62. It was next submitted by Mr.Poti that the sale in the present case was effected by a transfer of documents of title to the goods before the goods crossed the customs frontiers of India even in the sense of crossing the territorial waters of India. Hence it was a sale in the course of import. He relied upon the second part of Section 5(2) of the Central Sales Tax Act for this purpose. The Tribunal, however, has found as a fact that there is no clear evidence as to when the sale by transfer of documents took place. In the absence of any factual basis, therefore, this submission also cannot be accepted.

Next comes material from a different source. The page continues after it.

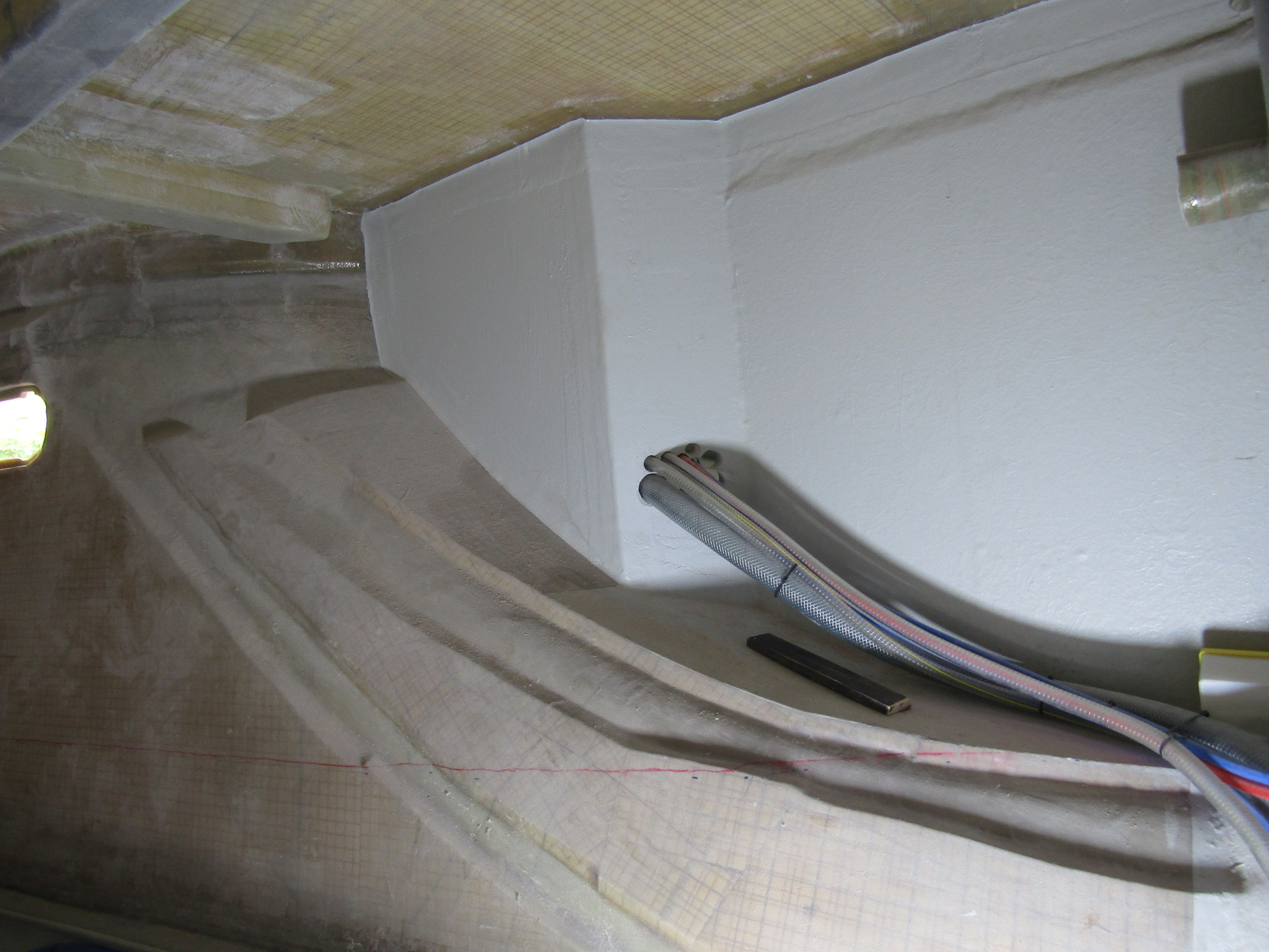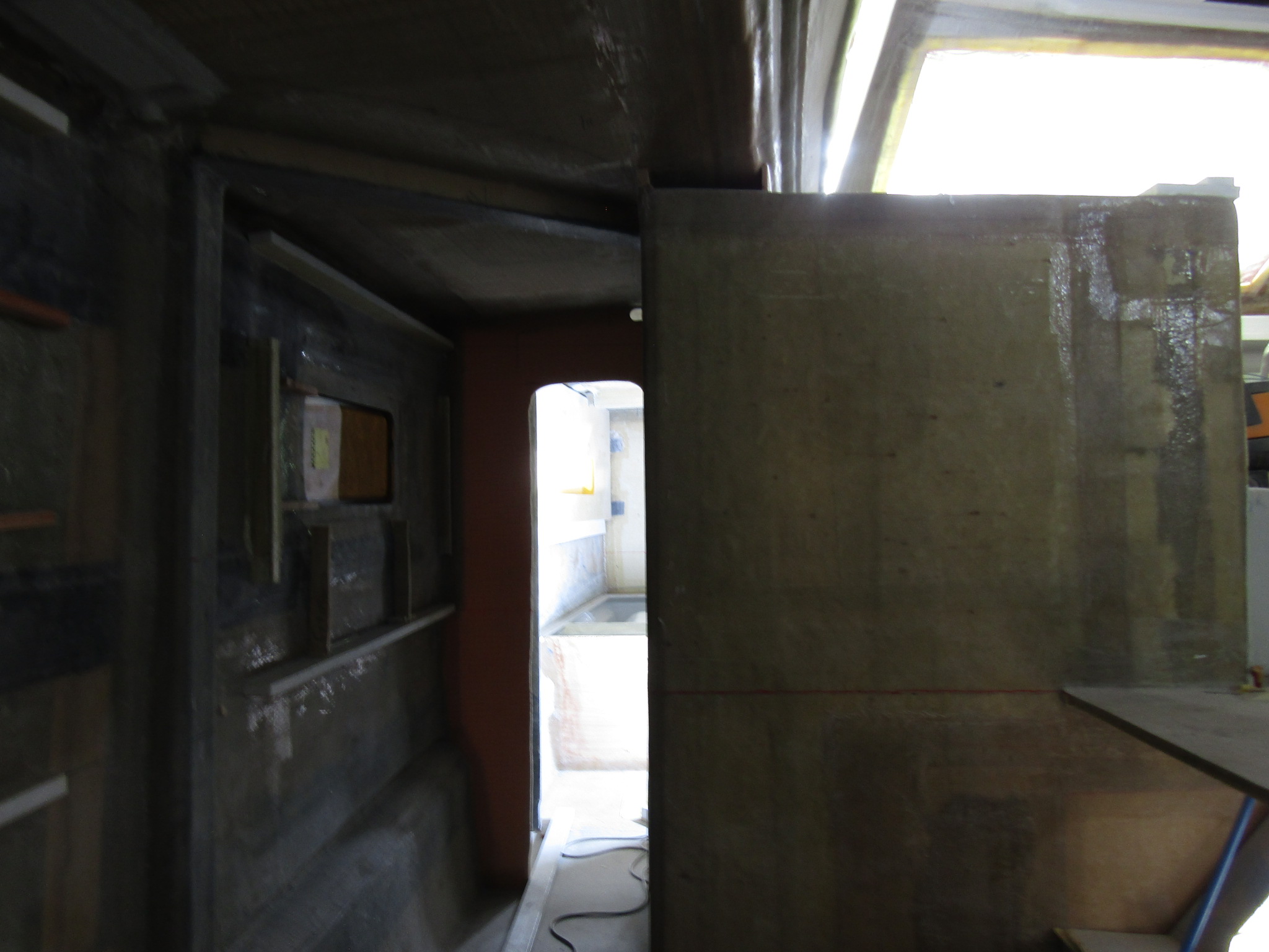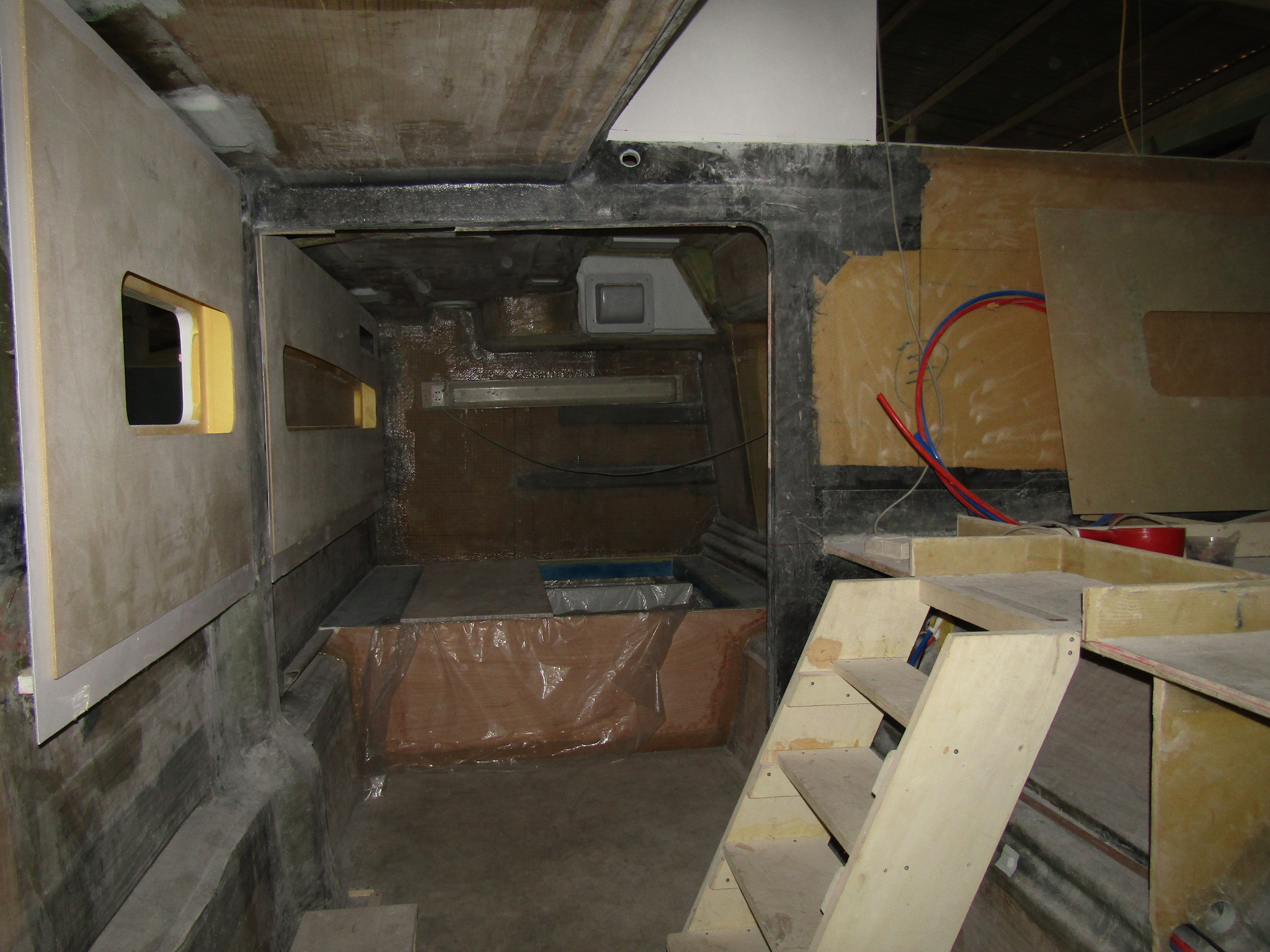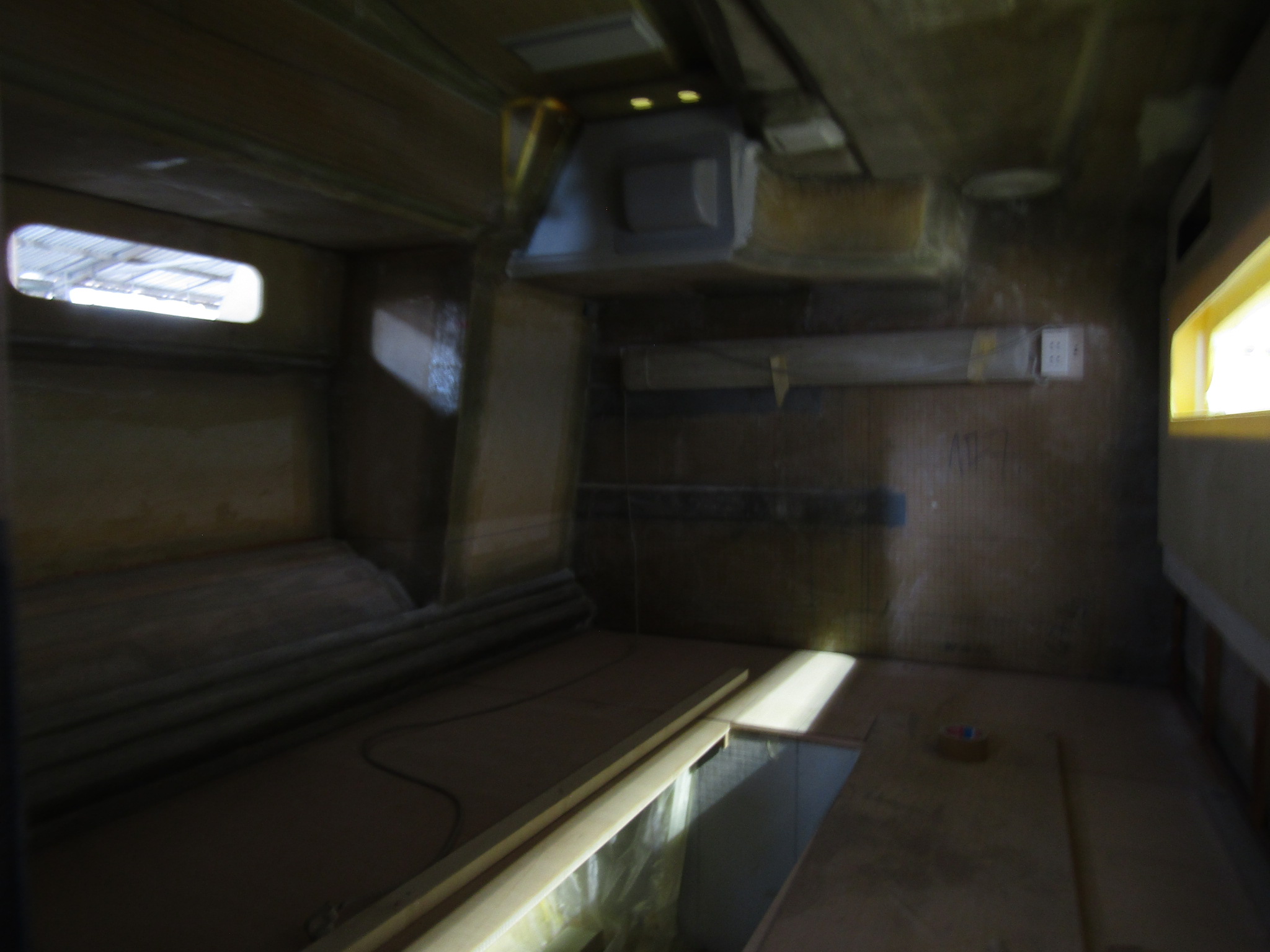 Interior: works have been completed for the installation of fwd fresh water pump, holding tank, and the moldings of escape hatches. Starboard head detailing, hot & cold plumbing, and window liners are 90% done. The preparation of window installation is half way ready. Other jobs including bed base and settee back have been started.

63. However, since there is a direct and inseverable link between the transaction of sale and the import of goods on account of the nature of the understanding between the parties as also by reason of the canalising scheme pertaining to the import of cashewnuts, the sales in question cannot be taxed under the Kerala General Sales Tax Act or the Karnataka General Sales Tax Act, as the case may be. The appeals are accordingly allowed. There will, however, be no order as to costs.
64. After submitting this judgment, I have had the benefit of reading the judgment of my learned brother S.B. Majmudar J. I have the highest regard for his views. I am, however, unable to agree with him for reasons which, I hope, are clear from what I have already said.